* ABOUT THIS EXERCISE:
Retype each line below precisely and omit all images.

* PROVIDED DATA:
########

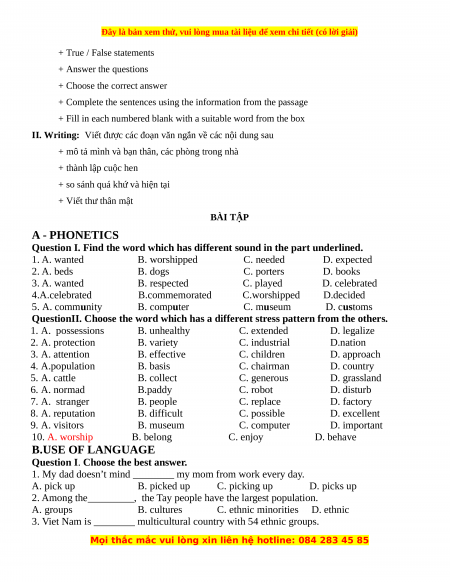 I. Reading: Đọc hiểu một số đoạn văn viết về các chủ điểm từ unit 1 đến 8 và làm các bài tập dạng sau:
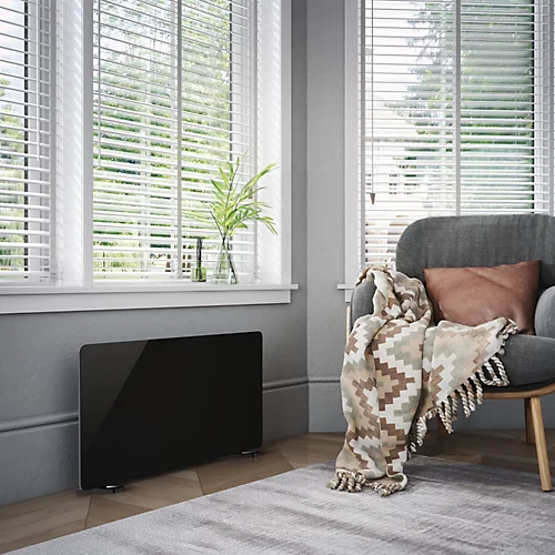 Heat up all the parts of the room radiators do not reach with this small but impactful tempered glass heater. Heat up all the parts of the room radiators do not reach with this small but impactful tempered glass heater. Comfort, economy, and anti-frost are the three fixed heating modes also featured with the Ebony Glass Panel Room Heater, so you can get your room temperate just right!
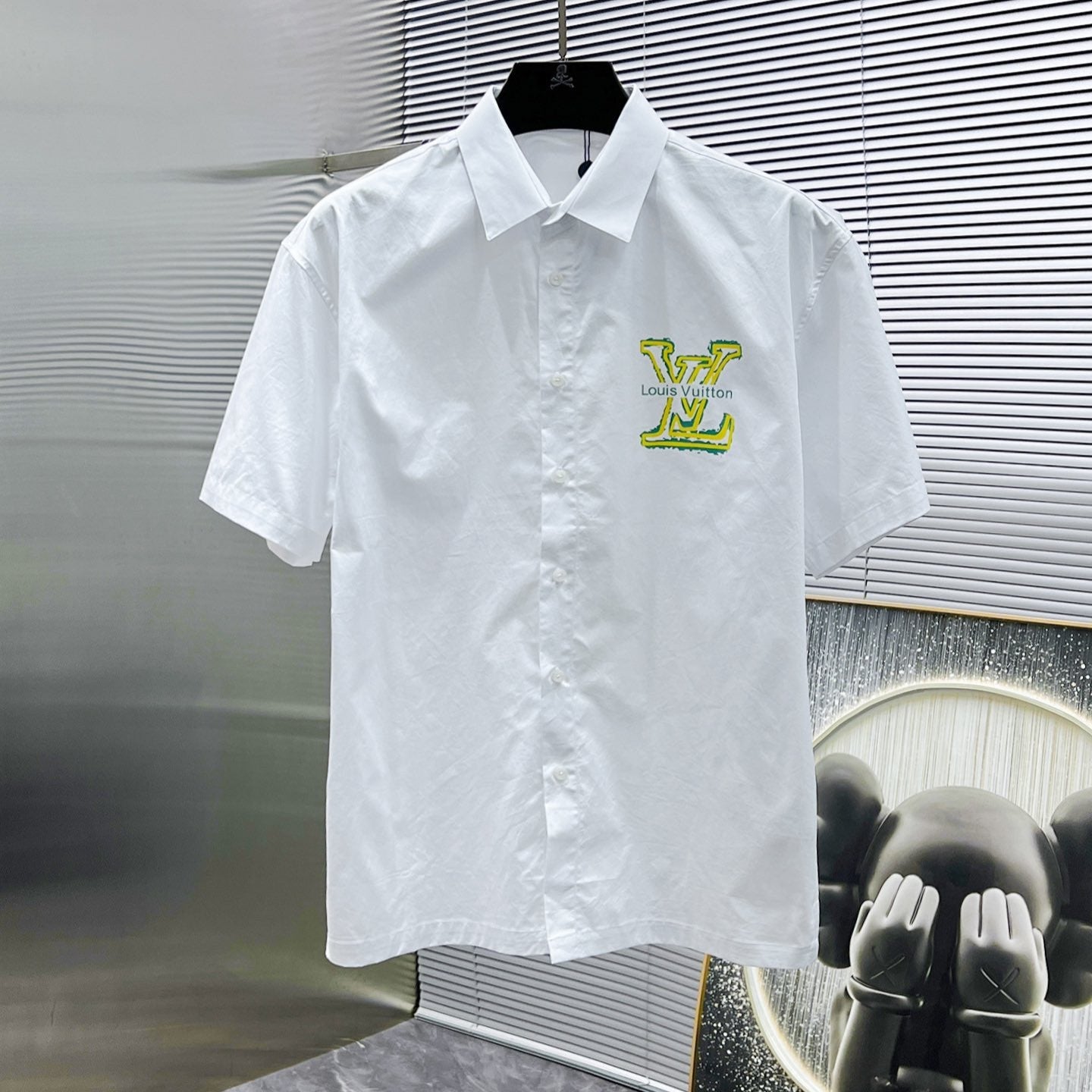 LV SHORT-SLEEVED SHIRT IN WHITE COTTON GREEN YELLOW LOGO 238815

########

* SOLUTION:
 I. Reading: Đọc hiểu một số đoạn văn viết về các chủ điểm từ unit 1 đến 8 và làm các bài tập dạng sau:
 Heat up all the parts of the room radiators do not reach with this small but impactful tempered glass heater. Heat up all the parts of the room radiators do not reach with this small but impactful tempered glass heater. Comfort, economy, and anti-frost are the three fixed heating modes also featured with the Ebony Glass Panel Room Heater, so you can get your room temperate just right!
 LV SHORT-SLEEVED SHIRT IN WHITE COTTON GREEN YELLOW LOGO 238815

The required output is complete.